Во время оккупации немцы открыли церковь в здании старого храма со снесенной колокольней.

Естественно, в нем был склад. Вот в этой церкви-складе, похожей на пацана-новобранца с круглой бритой головой – ощущение бритой головы тогдашнее, все мальчишки были бритые наголо, – так вот там возродилось моление. Народу набивалось битком, и бабушка, взяв меня на руки (пропустите с ребенком! пропустите с ребенком!), донесла меня до главной иконы – не знаю какой – и сказала: «Думай про хорошее и поцелуй ее».

Я поцеловала без мысли. Не смогла сформулировать хорошее, чтоб его хватило на поцелуй. Сколько лет прошло, но я осталась – как теперь говорят – человеком неоцерковленным.

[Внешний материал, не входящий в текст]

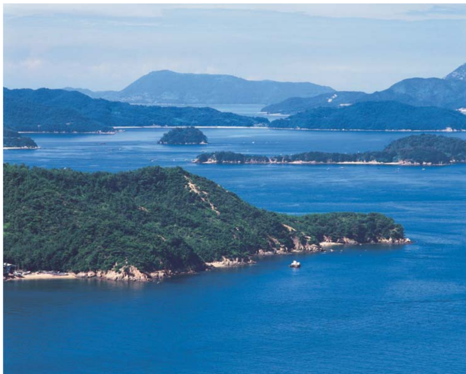
備讃瀬戸（塩飽諸島）
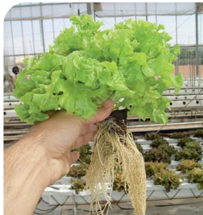
Novedoso sistema para producción de lechugas en cultivo hidropónico
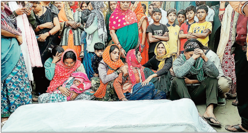
सड़क पर शव रखकर विरोध प्रदर्शन करते परिजन।
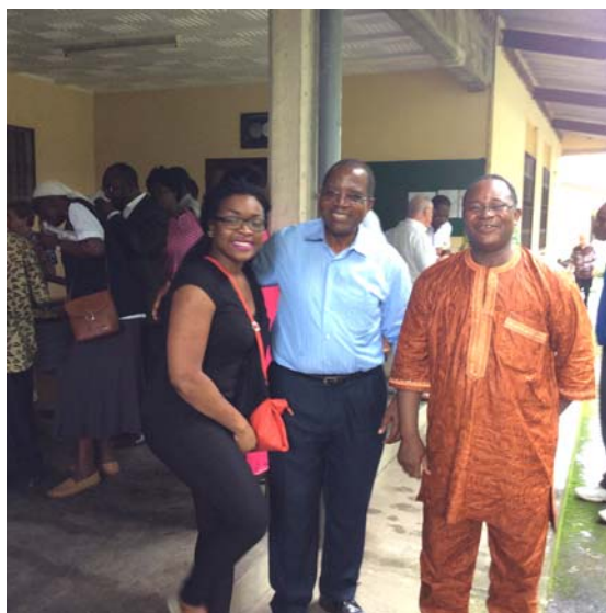
La joie de partager ensemble

Être compagnon du Christ ou plus précisément devenir disciple du Christ, c'est « laisser les morts enterrer leurs morts » (Mt 8, 22), c'est-à-dire entrer dans la culture de la vraie vie que le Christ nous communique ; c'est laisser derrière nous nos pleurs, nos peurs, nos lourdeurs, nos hésitations et tout ce qui nous empêche de vivre heureux dans la vigne du Seigneur. L'unique urgence pour chacun de nous, c'est
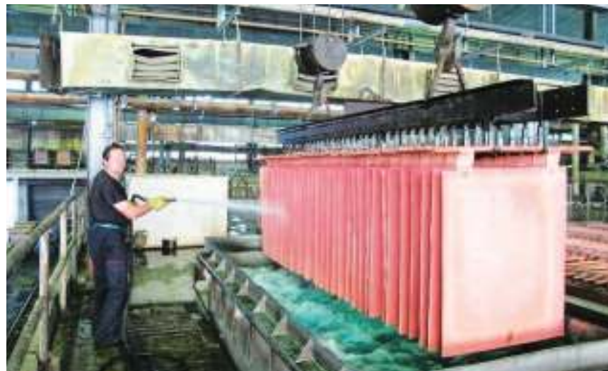
Детаљ из Електролизе

Када је реч о осталим производима из асортимана Електролизе, четворомесечни рапорт карактеришу учинци већи од предвиђених. Прођуковано је 435 тона плавог камена или 11,5 одсто више од плана за ову годину. Почетком априла обављен је седмодневни ремонт, и то без ангажовања тзв. трећих лица, него су сав посао завршиле службе машинског и електроодржавања. У наредном периоду овде је планиран и један већи захват – ремонт комплетне центрифуге, како би фабрика била потпуно оспособљена. У РЈ за производњу племенитих метала биле су три кампање прераде прженца. Параметри рада су добри, јер је крајем прошле године завршено детаљно президавање "доре"-пећи, тако да је линија топљења у пуној погонској спремности. Производња сребра, платине и паладијума кретала се у планираним границама, злата изнад, док је код селена забележен највећи скок од чак 30 одсто.

Моя Вера и мой Бог теряются в церкви, они в ней – Господи, прости – глупеют. Я ничего не могу с этим поделать. Мои долгие и трудные разговоры с Богом, которые я веду вне храма, в церкви мельчают и дробятся до собственной ничтожности, и я ухожу, чтоб не сказать – убегаю. На какой-нибудь тихой лавочке Бог возвращается ко мне и каждый раз говорит мне одно и то же: «Дура!» – «Прости меня, – говорю я ему. – Я не умею вести себя в храме.» – «Ты много чего не умеешь», – смеется Бог. «Ну, извини, тупые в жизни тоже нужны. Ты сам их зачем-то придумал». – «Да ладно тебе… Верующий имеет свидетельства в себе самом». – «Это кто сказал?» – «Ну ты совсем… Это я тебе говорю!» – «Я должна на кого-нибудь сослаться… Иначе нельзя. Что значит – ты? А озвучил кто? Иов? Екклезиаст? Иезекииль?» – «Нет на тебе креста!» – «Есть! Вот! Не золотой – простой… Ты на самом деле считаешь, что верующий имеет свидетельство в себе самом?..»

Разговорчики, скажу я вам. Но я препираюсь с Ним уже давно. Временами мы очень не устраиваем друг друга. А все началось с разбежавшихся во все стороны мыслей в церкви Голобритого Новобранца.

…такие Голые, Бритые и Стриженые церкви попадались мне сплошь и рядом в первый приезд в Москву на свидание в Бутырку. Тоже факт без нумерации. Сам по себе.

Бабушка сказала:

– Тебе там может захочется плакать. Так не надо. Думай о хорошем. Дядя Леня обязательно выйдет и покажет, как надо играть Листа. У него такая техника, такие пальцы…

У дядьки были расплющенные ногти, раздутые суставы, и я смотрела только на них…

А Листа он мне сыграл, вернувшись в пятьдесят шестом. Это был спотыкающийся на каждом шагу, старый, астматический Лист.

Он давно впал в маразм, воображая, что остался музыкантом.